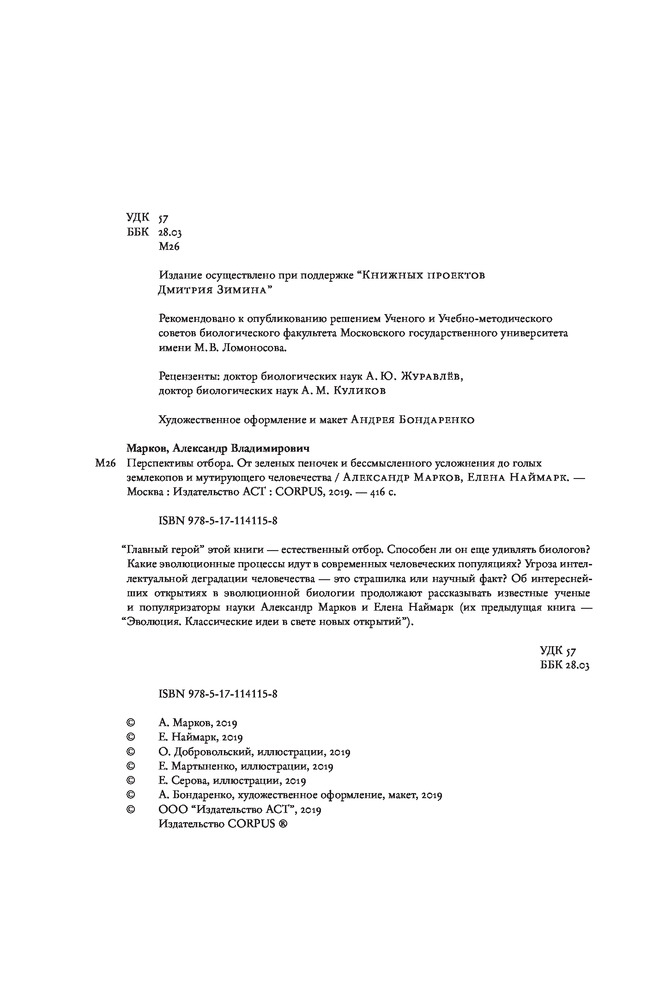 Серия: Элементы (Россия) «Главный герой» этой книги — естественный отбор. Способен ли он еще удивлять биологов? Какие эволюционные процессы идут в современных человеческих популяциях? Угроза интеллектуальной деградации человечества — это страшилка или научный факт? Об интереснейших открытиях в эволюционной биологии продолжают рассказывать известные ученые и популяризаторы науки Александр Марков и Елена Наймарк (их предыдущая книга — «Эволюция. Классические идеи в свете новых открытий»). |
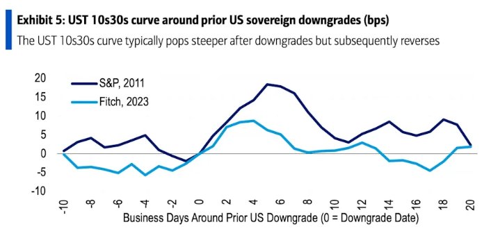 美国银行也附和摩根大通的说法,对客户表示,仅预计美国国债收益率将出现短暂上涨。投资者也不应担心被迫抛售,因为主要的固定收益指数并不要求持有aaa评级才能继续持有美国国债。
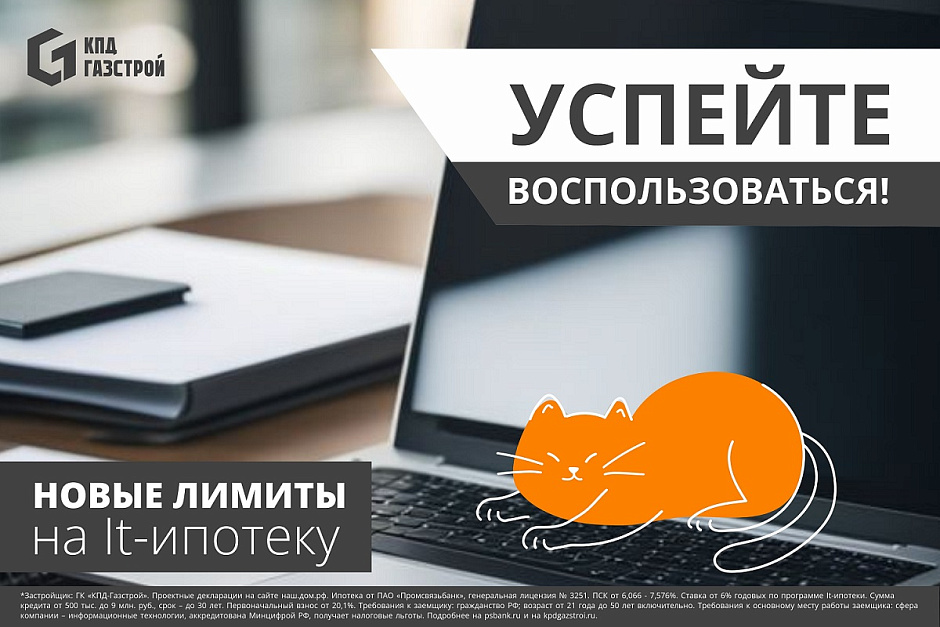 *Застройщик: ГК «КПД-Газстрой». Проектные декларации на сайте наш.дом.рф. Стоимость указана на 2 комнатную квартиру 53,9 кв. м. в доме №57 по ГП в микрорайоне Чистая Слобода, на 2 комнатную квартиру студию 52,7 кв. м. в доме №12 по ГП в районе Околица, на 2 комнатную квартиру студию 47.1 кв. м. в доме №3 по ГП в ЖК «Тайгинский парк», на 3 комнатную квартиру студию 65,3 кв. м. в доме №1 по ГП в ЖК «Калина Красная». Предложение ограничено, действует на определенные номера квартир. Ипотека от ПAO «Промсвязьбанк», генеральная лицензия № 3251. ПСК от 6,066 - 7,576%. Ставка от 6% годовых по программе It-ипотеки. Сумма кредита от 500 тыс. до 9 млн. руб., срок – до 30 лет. Первоначальный взнос от 20,1%. Требования к заемщику: гражданство РФ; возраст от 21 года до 50 лет включительно. Требования к основному месту работы заемщика: сфера компании – информационные технологии, аккредитована Минцифрой РФ, получает налоговые льготы. Подробнее на psbank.ru и на kpdgazstroi.ru.

» PROBLEM STATEMENT
A verbatim transcript of the material above, with images dropped, is the expected output.

» SOLUTION TO THE EXERCISE
 Серия: Элементы (Россия) «Главный герой» этой книги — естественный отбор. Способен ли он еще удивлять биологов? Какие эволюционные процессы идут в современных человеческих популяциях? Угроза интеллектуальной деградации человечества — это страшилка или научный факт? Об интереснейших открытиях в эволюционной биологии продолжают рассказывать известные ученые и популяризаторы науки Александр Марков и Елена Наймарк (их предыдущая книга — «Эволюция. Классические идеи в свете новых открытий»). |
 美国银行也附和摩根大通的说法,对客户表示,仅预计美国国债收益率将出现短暂上涨。投资者也不应担心被迫抛售,因为主要的固定收益指数并不要求持有aaa评级才能继续持有美国国债。
 *Застройщик: ГК «КПД-Газстрой». Проектные декларации на сайте наш.дом.рф. Стоимость указана на 2 комнатную квартиру 53,9 кв. м. в доме №57 по ГП в микрорайоне Чистая Слобода, на 2 комнатную квартиру студию 52,7 кв. м. в доме №12 по ГП в районе Околица, на 2 комнатную квартиру студию 47.1 кв. м. в доме №3 по ГП в ЖК «Тайгинский парк», на 3 комнатную квартиру студию 65,3 кв. м. в доме №1 по ГП в ЖК «Калина Красная». Предложение ограничено, действует на определенные номера квартир. Ипотека от ПAO «Промсвязьбанк», генеральная лицензия № 3251. ПСК от 6,066 - 7,576%. Ставка от 6% годовых по программе It-ипотеки. Сумма кредита от 500 тыс. до 9 млн. руб., срок – до 30 лет. Первоначальный взнос от 20,1%. Требования к заемщику: гражданство РФ; возраст от 21 года до 50 лет включительно. Требования к основному месту работы заемщика: сфера компании – информационные технологии, аккредитована Минцифрой РФ, получает налоговые льготы. Подробнее на psbank.ru и на kpdgazstroi.ru.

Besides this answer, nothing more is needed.